当前位置:网站首页>Use dumping to back up tidb cluster data to S3 compatible storage
Use dumping to back up tidb cluster data to S3 compatible storage
2022-07-06 08:03:00 【Tianxiang shop】
This document describes how to put Kubernetes On TiDB The data of the cluster is backed up to compatible S3 On the storage of . In this document “ Backup ”, All refer to full backup ( namely Ad-hoc Full backup and scheduled full backup ).

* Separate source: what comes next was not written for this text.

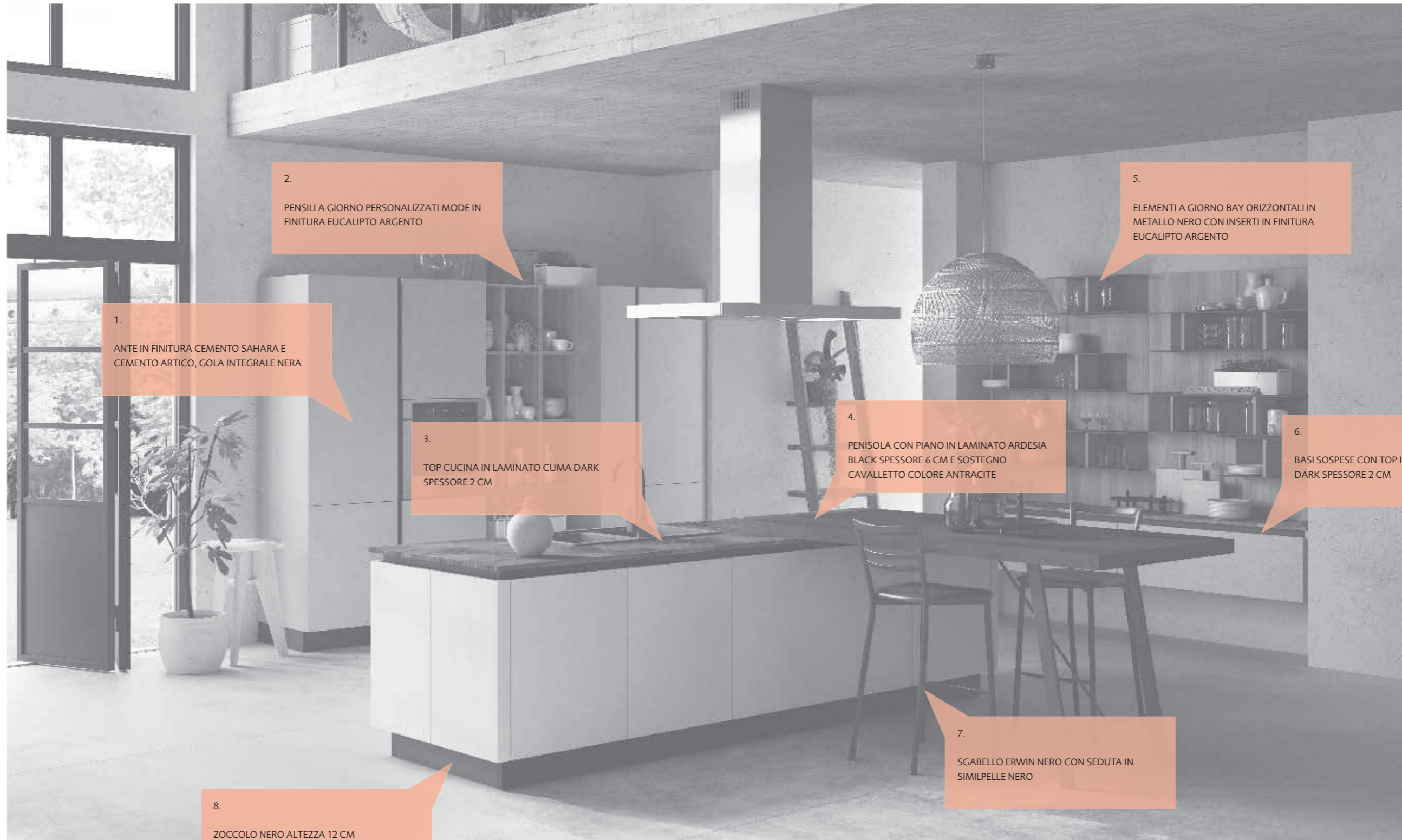
1. ANTE IN FINITURA CEMENTO SAHARA E CEMENTO ARTICO, GOLA INTEGRALE NERA

The backup method described in this document is based on TiDB Operator(v1.1 And above ) Of CustomResourceDefinition (CRD) Realization , Bottom use Dumpling The tool obtains the logical backup of the cluster , Then upload the backup data to compatible S3 On the storage of .
Dumpling Is a data export tool , The tool can store in TiDB/MySQL The data in is exported as SQL perhaps CSV Format , It can be used to complete logical full backup or export .
Use scenarios
If you need to TiDB Cluster data in Ad-hoc Full volume backup or Scheduled full backup Backup to compatible S3 On the storage of , And there are the following requirements for data backup , Consider the backup scheme introduced in this article :
- export SQL or CSV Formatted data
- For single SQL Limit the memory of the statement
- export TiDB Snapshot of historical data
Ad-hoc Full volume backup
Ad-hoc Full backup by creating a custom Backup
custom resource (CR) Object to describe a backup .TiDB Operator According to this Backup
Object to complete the specific backup process . If an error occurs during the backup , The program will not automatically retry , At this time, it needs to be handled manually .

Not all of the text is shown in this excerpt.